The current coronavirus pandemic, as a respiratory illness, has caused me to reflect on some of my childhood experiences with sickness. For whatever reason, as a young boy I was very susceptible to chest infections in the winter that were almost always accompanied by a persistent, lung-wracking, hernia-inducing cough. One year, when I was nine or ten, I even contracted whooping cough (pertussis), which resulted in me missing something like 45 days of school in the winter.

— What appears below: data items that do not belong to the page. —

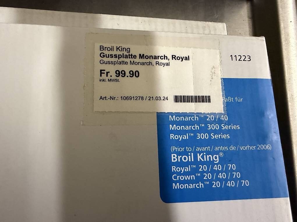 neue Broil King Grillplatte / Gussplatte Monarch / Royal
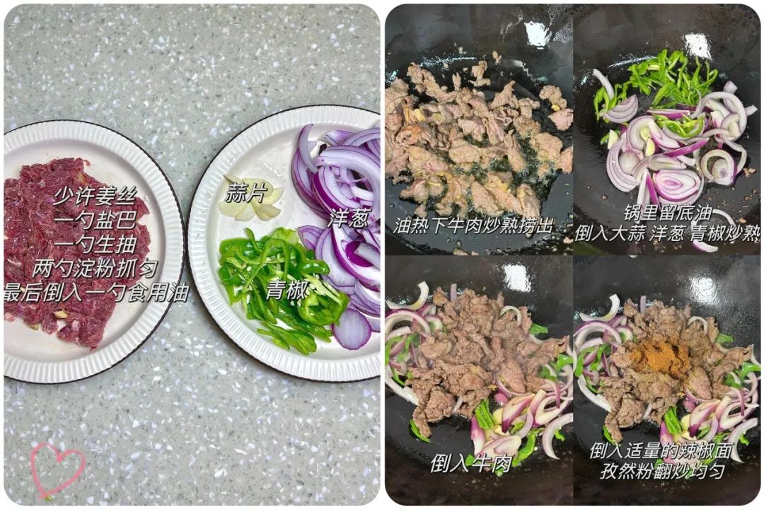 【食材】 牛里脊 200 克、洋葱半个、青椒 1 个、蒜 3 片、生抽 1 勺、淀粉 1 小勺、盐少许
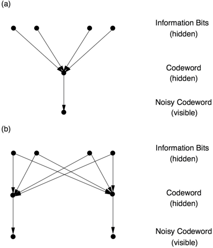 FIGURE 3.9. (a) Bayesian network representation of ordinary coding process. Information bits are transformed into codewords; these are transmitted and received at the destination with noise (errors). (b) Bayesian network representation of turbo code. Information bits are scrambled and encoded twice. Decoding proceeds by belief propagation on this network. Each processor at the bottom uses information from the other processor to improve its guess of the hidden codeword,
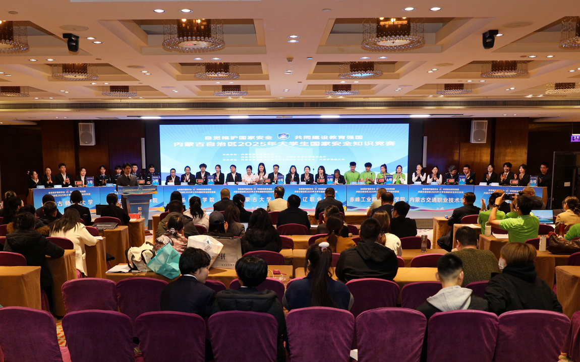 为深入贯彻落实总体国家安全观,全面展示新时代我区大学生国家安全素养,推动国家安全教育工作走深走实,3月13日—16日,全区2025年大学生国家安全知识竞赛在我校举办。自治区教育厅、自治区党委国安办、自治区国家安全厅、通辽市公安局等部门领导,自治区各高校安全部门主要负责人及各高校代表队领队、指导老师在现场观看了比赛。
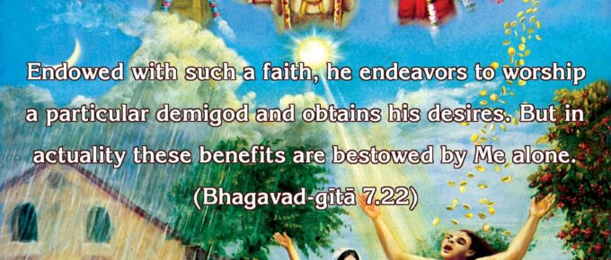 स तया श्रद्धया युक्तस्तस्याराधनमीहते |लभते च तत: कामान्मयैव विहितान्हि तान् || 22|| sa tayā śhraddhayā yuktas tasyārādhanam īhatelabhate cha tataḥ kāmān mayaiva vihitān hi tān saḥ—he; …
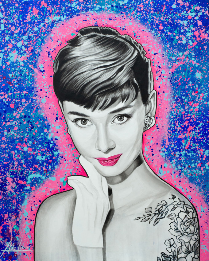 Esta obra forma parte de la colección “Mujeres Icónicas”, una serie dedicada a retratar figuras femeninas que han marcado la historia cultural y se han convertido en símbolos universales de elegancia, carácter y sensibilidad.
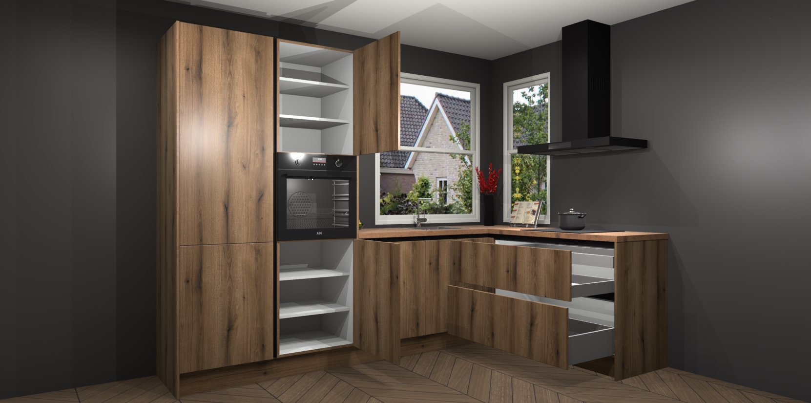 En dat is nog niet alles: u krijgt al dit gemak ook nog eens voor een vaste lage prijs! Bovendien is de levering snel: de Goud Eiken greeploze keuken Kotor wordt al 7 weken na bestelling geleverd! Dat klopt - we leveren ze zelfs voorgemonteerd voor uw gemak. Dus waarom wachten? Haal de Goud Eiken greeploze keuken Kotor vandaag nog in huis - een prachtige hoekkeuken met alle toeters en bellen die uw huis nodig heeft. Wacht niet - handel nu zolang de voorraad strekt!
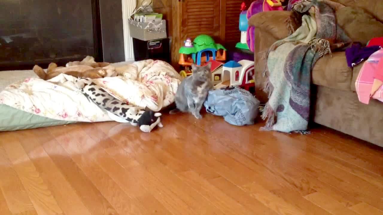 A cat plays with a bag in the living room and freaks out when it gets stuck to it. Action at :12.
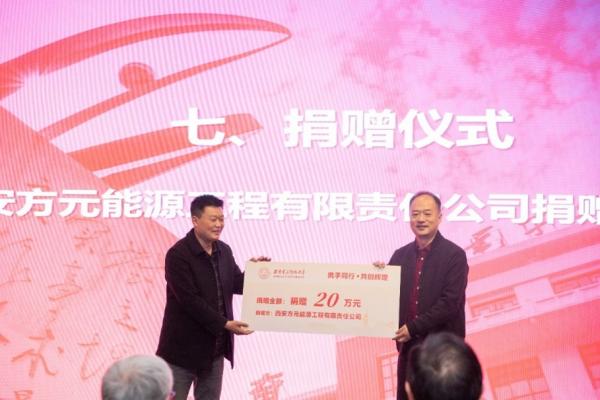 会上,学校教育基金会秘书长、校友事务与联络发展处处长肖刚代表学校接受西安方元能源工程有限责任公司向物理学院20万元的捐赠。副校长张进成和物理学院副院长魏兵共同为“量子信息物理研究所”揭牌。
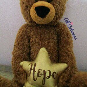 Cute brown sugar teddy bear plush holding a gold start with the word Hope embroidered.
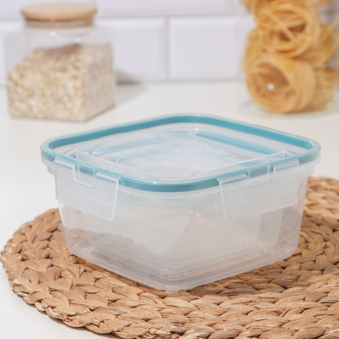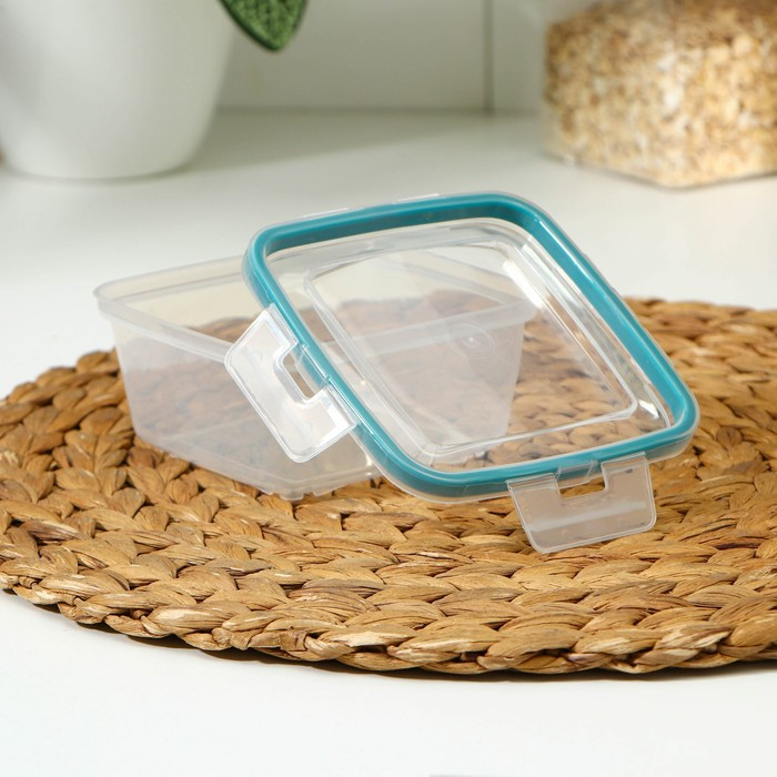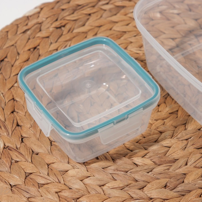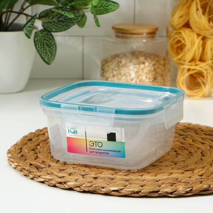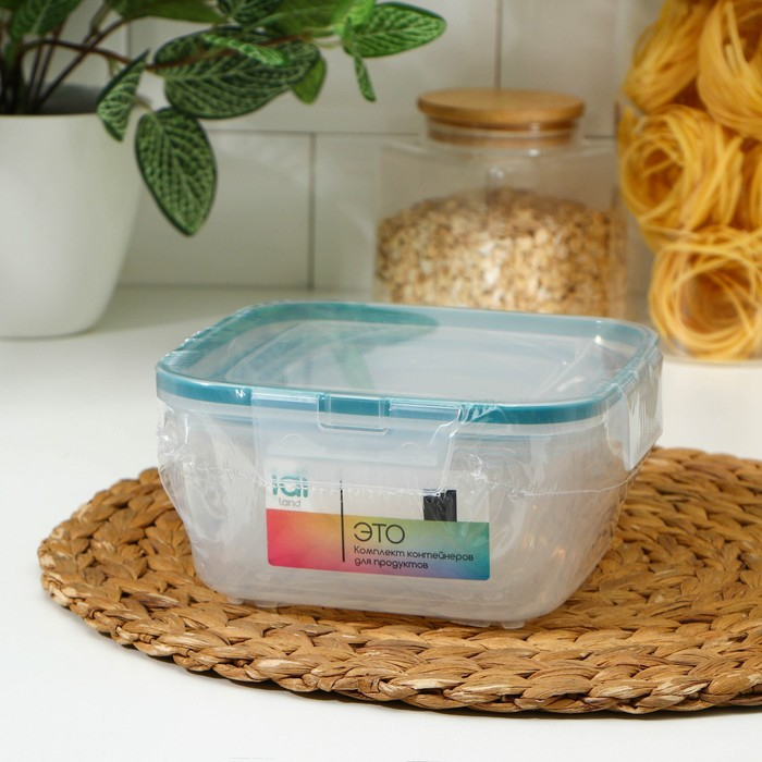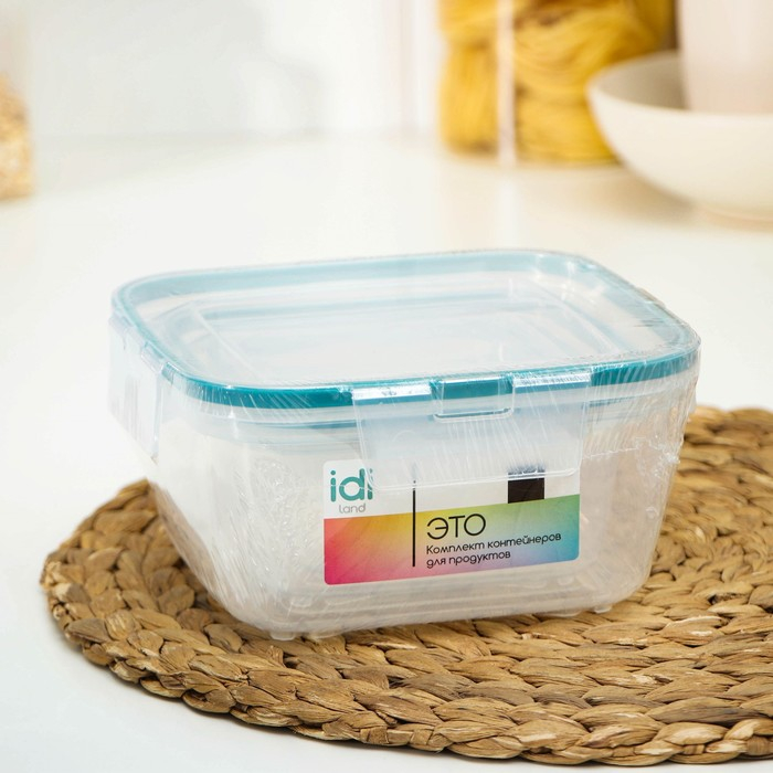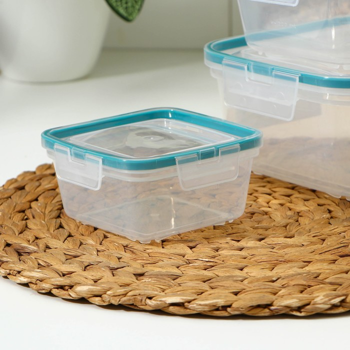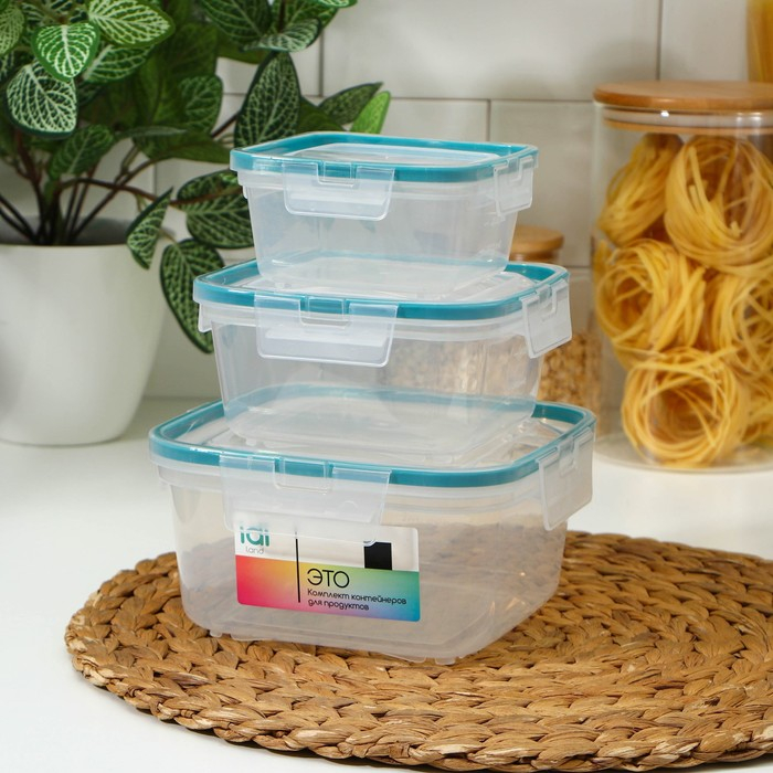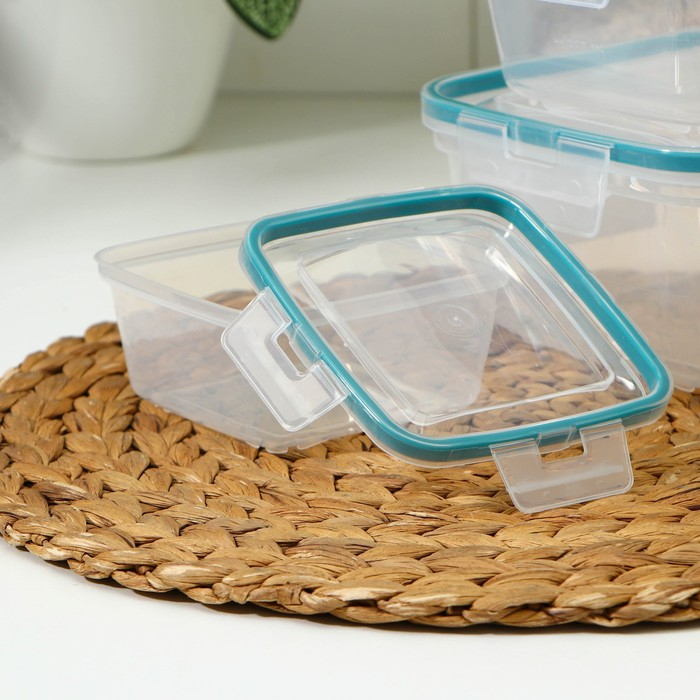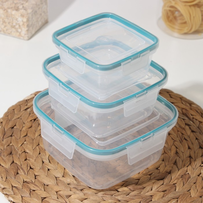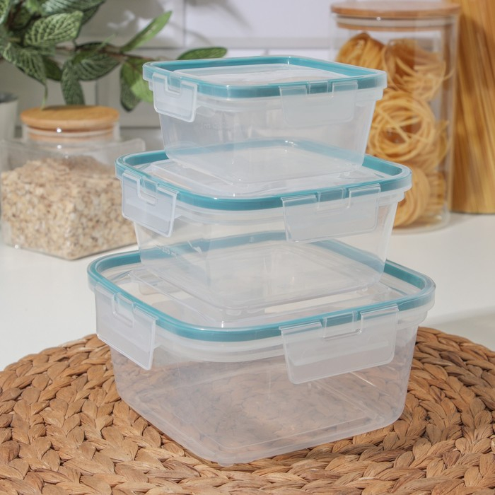 Набор контейнеров для продуктов с защёлкой, герметичная крышка, 3 шт: 400 мл, 800 мл, 1,5 л, прозрачные, крышка голубая

As I reflect back on those years, the prevailing impression is that of my mother coming to me in the night when I was in distress because of a coughing fit, comforting me with her presence and offering one remedy or another—cough syrup, Vicks VapoRub, or my favourite, a tablespoon of melted butter. In extreme cases (although never at night because of the prep time involved), she would apply a mustard plaster to my chest. (Yes, mustard plasters really are a thing; you can find instructions on the Web on how to make a mustard plaster. It also shows up on a list of top 10 useless remedies for the common cold.) Whether the remedies were effective or not is a valid question, but what made a difference (and dominates my memories of those long, dark nights) was my mother’s presence with me—her touch, her reassuring words, her responsiveness to my needs. By her actions, she said “You are not alone.” She brought comfort, even if she couldn’t quell the cough.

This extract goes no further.